AI, Artificial Intelligence, Deep Learning Algorithms, cognitive computing- these techniques and terms have been the focus of the scientific community and laymen on the internet, respectively.
With its ability to mimic the human’s cognitive process and vast storage capacity, AI has been revolutionizing entire industrial and service sectors.
Capitalizing on the potential and capabilities, Google has trained its Artificial Intelligence to detect cardiovascular events through an eye scan. But how did Google achieve this? How does the process of integrating AI with Healthcare work?
Breaking Down the Process of Deep Learning Algorithms in Healthcare
Healthcare, in general, faces challenges like cost reductions in prevention and treatment, low cost-effectiveness, overutilization, inadequate patient care, and high readmission and mortality rates.
To overcome the barriers, doctors, healthcare institutes, and data scientists have collaborated to enable clinically meaningful automated, predictive data analysis and AI Systems.
With medical professionals’ help, scientists collect big data from mobile phone applications, wearable devices, sociodemographics, “omic” data, and EHRs to train AI. Predictive analytics & decision support systems are then built for doctors to correct diagnoses at the right time!
The process can be visualized, as seen in the image below.
Transformation in Cardiovascular diagnostics by Google AI
With its health-tech subsidiary Verily, Google has discovered a novel approach to assessing the risk of heart disease using deep learning. Their scientists have trained Google’s Artificial Intelligence using data from 28,355 patients by feeding the AI with their eye scans and general medical records.
The deep learning algorithm scans the patient’s rear interior wall of the eye (the fundus). By analyzing the same, it can accurately deduct the person’s age, gender, blood pressure, and smoking status. Using this data; the AI can further predict the patient’s cardiovascular disease risk using optic disks and blood vessels.
Future of Google AI and Other Machine Learning Algorithms in Combating Cardiovascular Diseases
Currently, Google’s algorithm demonstrates the ability to predict cardiovascular risk by analyzing retinal images with an accuracy rate of 70%. It is only slightly lower than the commonly used blood test method, which has an accuracy rate of 72%.
Alun Hughes, professor of Cardiovascular Physiology and Pharmacology at London’s UCL, said Google’s approach sounded credible because of the “long history of looking at the retina to predict cardiovascular risk.” He also stated that artificial intelligence could potentially speed up existing forms of medical analysis. Further adding, he advised caution that the algorithm would need to be tested further before it could be trusted.

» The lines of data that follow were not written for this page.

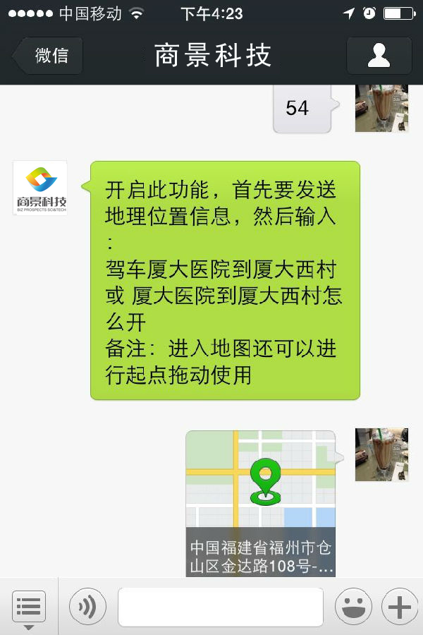 開啟此功能,首先要發(fā)送地理位置信息,然后輸入: 駕車廈大醫(yī)院到廈大西村 或 廈大醫(yī)院到廈大西村怎么開 備注:進(jìn)入地圖還可以進(jìn)行起點(diǎn)拖動(dòng)使用
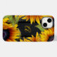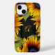 Elegante na moda rustic country girly chic grandes girassóis enquadram a capa de telefone com um monograma de caligrafia com script / seu nome inicial sobre um fundo de madeira marrom-escura.
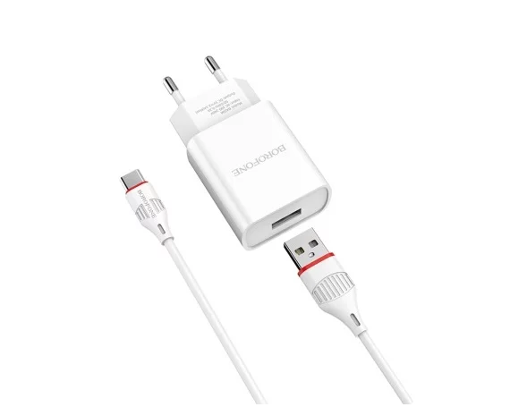 СЗУ-1USB Borofone BA20A + кабель Type-C, белый
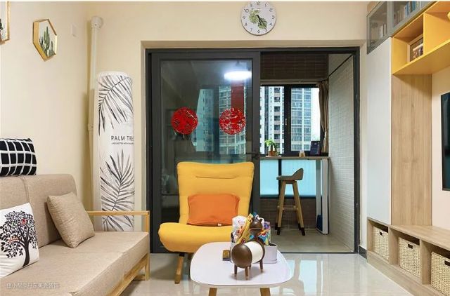 2、对空间进行功能划分,让阳台与客厅各自独立又相互联系;
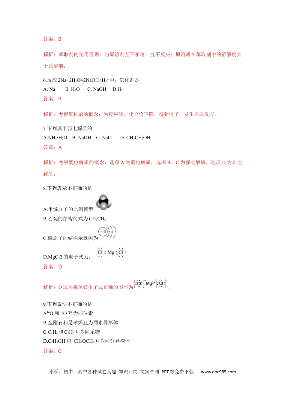 小学、初中、高中各种试卷真题知识归纳文案合同PPT等免费下载www.doc985.com2019年1月浙江省学业水平测试化学试卷可能用到的相对原子质量:H1C12O16Na23S32Fe6Cu64Ba137一、选择题(本大题共25小题,每小题2分,共50分。每小题列出的四个备选项中只有一个是符合题目要求的,不选、多选、错选均不得分)1.水的分子式是A.H2BO2CH2ODCO2答案:C解析:考察物质的分子式。2.根据物质的组成与性质进行分类,MgO属于A.氧化物B.酸C碱D.盐答案:A解析:考察物质的分类。3.仪器名称为“胶头滴管”的是答案:D解析:考察仪器的名称,四个选项分别为分液漏斗、干燥管、冷凝管、胶头滴管。4.冰毒有剧毒,人体摄入后将严重损害心脏、大脑组织甚至导致死亡,严禁吸食。它的分子式为C10H11N,其中的氮元素在周期表中处于A.第ⅡA族B.第ⅢA族C.第ⅣA族C.第VA族答案:D解析:氮元素为7号元素,为第二周期ⅤA族。5.萃取碘水中的碘单质,可作萃取剂的是A.水B四氯化碳C.酒精D.食醋小学、初中、高中各种试卷真题知识归纳文案合同PPT等免费下载www.doc985.com答案:B解析:萃取剂的使用原则:与原溶剂互不相溶;互不反应;原溶质在萃取剂中的溶解度大于原溶剂。6.反应2Na+2H2O=2NaOH+H2↑中,氧化剂是A.NaB.H2OC.NaOHD.H2答案:B解析:考察氧化剂的概念;为反应物,化合价下降,得到电子,发生还原反应。7.下列属于弱电解质的A.NH3·H2OB.NaOHC.NaClD.CH3CH2OH答案:A解析:考察弱电解质的概念,选项A为弱电解质,选项B、C为强电解质,选项D为非电解质。8.下列表示不正确的是A.甲烷分子的比例模型B.乙烷的结构简式为CH3CH3C.磷原子的结构示意图为D.MgCl2的电子式为:答案:D解析:D选项氯化镁电子式正确的书写为。9.下列说法不正确的是A16O和18O互为同位素B.金刚石和足球烯互为同素异形体C.C2H4和C3H6互为同系物D.C2H5OH和CH3OCH3互为同分异构体答案:C小学、初中、高中各种试卷真题知识归纳文案合同PPT等免费下载www.doc985.com解析:考察同系物的概念。结构相似,分子式相差若干个CH2的化合物互称为同系物;乙烷和丙烯结构不相识,不是同系物。10.下列说法不正确的是A.石灰石、纯碱、石英可作为制备水泥的主要原料B.燃煤烟气的脱硫过程可以得到副产品石膏和硫酸铵C.硫酸钡可作高档油漆、油墨、塑料、橡胶的原料及填充剂D.在催化剂作用下,用玉米、高梁为原料经水解和细菌发酵可制得乙醇答案:A解析:石灰石、纯碱、石英为制备玻璃的主要原料。11.四种短周期主族元素X、Y、Z和M在周期表中的位置如图所示。下列说法正确的是A.原子半径(r):r(X)>r(Z)B.元素的非金属性:Y>MC.Y元素的最高化合价为+7价D.Z的最高价氧化物的水化物为强酸答案:B解析:由题意推出X、Y、Z、M分别为C、F、Si、S元素。同主族元素原子半径从上往下依次增大,选项A错误;元素周期表右上角非金属性越强,选项B正确;F元素没有最高正价,选项C错误;Si最高价氧化物对应的水化物为H2SiO3,是弱酸,选项D错误。12.下列方程式不正确的是A.碳与热的浓硫酸反应的化学方程式:C+2H2SO4(浓)CO↑+2SO2↑+2H2OB.乙炔燃烧的化学方程式:2C2H2+5O24CO2+2H2OC.氯化氢在水中的电离方程式:HCl=H++Cl-D.氯化铵水解的离子方程式:NH4++H2O=NH3·H2O+H+答案:A小学、初中、高中各种试卷真题知识归纳文案合同PPT等免费下载www.doc985.com解析:C+2H2SO4CO2↑+2SO2↑+2H2O,生成物为CO2,并不是CO,选项A错误。13.下列实验操作对应的现象不符合事实的是A.用铂丝蘸取NaCl溶液置于酒精灯火焰上灼烧,火焰成黄色B.将少量银氨溶液加入盛有淀粉和硫酸的试管中加热,产生光亮的银镜C.饱和食盐水通电一段时间后,湿润的KI-淀粉试纸遇b处气体变蓝色D.将胆矾晶体悬挂盛有浓H2SO4的密闭试管中蓝色晶体逐渐变为白色答案:B解析:银氨溶液会和硫酸反应,并不会得到光亮的银镜,选项B错误。14.下列说法不正确的是A.苯与溴水、酸性高锰酸钾溶液不反应,说明苯分子中碳碳原子间只存在单键B.煤是由有机物和无机物所组成的复杂的混合物C.天然气的主要成分是甲烷,甲烷可在高温下分解为炭黑和氢气D.乙烯为不饱和烃,分子中6个原子处于同一平面答案:A解析:苯分子中存在特殊的...

This is likely why Google has launched initiatives such as Project Baseline, a four-year study that aims to compile comprehensive medical records of 10,000 people.
It is believed that through the accumulation of sufficient data, artificial intelligence will be capable of potentially saving countless lives in the future. And the tech developments like Google and Wellnest AI are time-tested proofs of the positive implications of cognitive computing in the field of medicine.
Wellnest’s AI Interpretation and Application
Wellnest Tech has developed an AI using data from millions of people to diagnose cardiovascular diseases. The Clinically certified and compliant AI studies the ECG Report of the patient and interprets it immediately.
The Wellnest 12L app also allows the doctor to notify the patient if they need urgent attention or possible medical care in the future. This way, the tech not only helps with immediate intervention but also allows the doctor to track the patient’s all past records as well for precise interpretation, diagnosis, and treatment.
The healthcare industry is gradually recognizing the significance of integrating AI-powered tools in its next-generation healthcare technology. The potential benefits of AI are immense, and it is believed that AI can streamline and elevate any process within the healthcare operation and delivery system.
It is a common belief that AI tools will replace the work of physicians and other healthcare staff, but rather, they will augment and improve the quality of human work. AI is poised to assist healthcare personnel with a plethora of tasks, ranging from administrative workflows to clinical documentation, patient outreach, and specialized support, such as image analysis, medical device automation, and patient monitoring.
The areas where AI can have the most significant impact are administrative workflows, image analysis, robotic surgery, virtual assistants, and clinical decision support. By leveraging AI, healthcare providers can enhance the quality of patient care and improve overall efficiency in the healthcare ecosystem.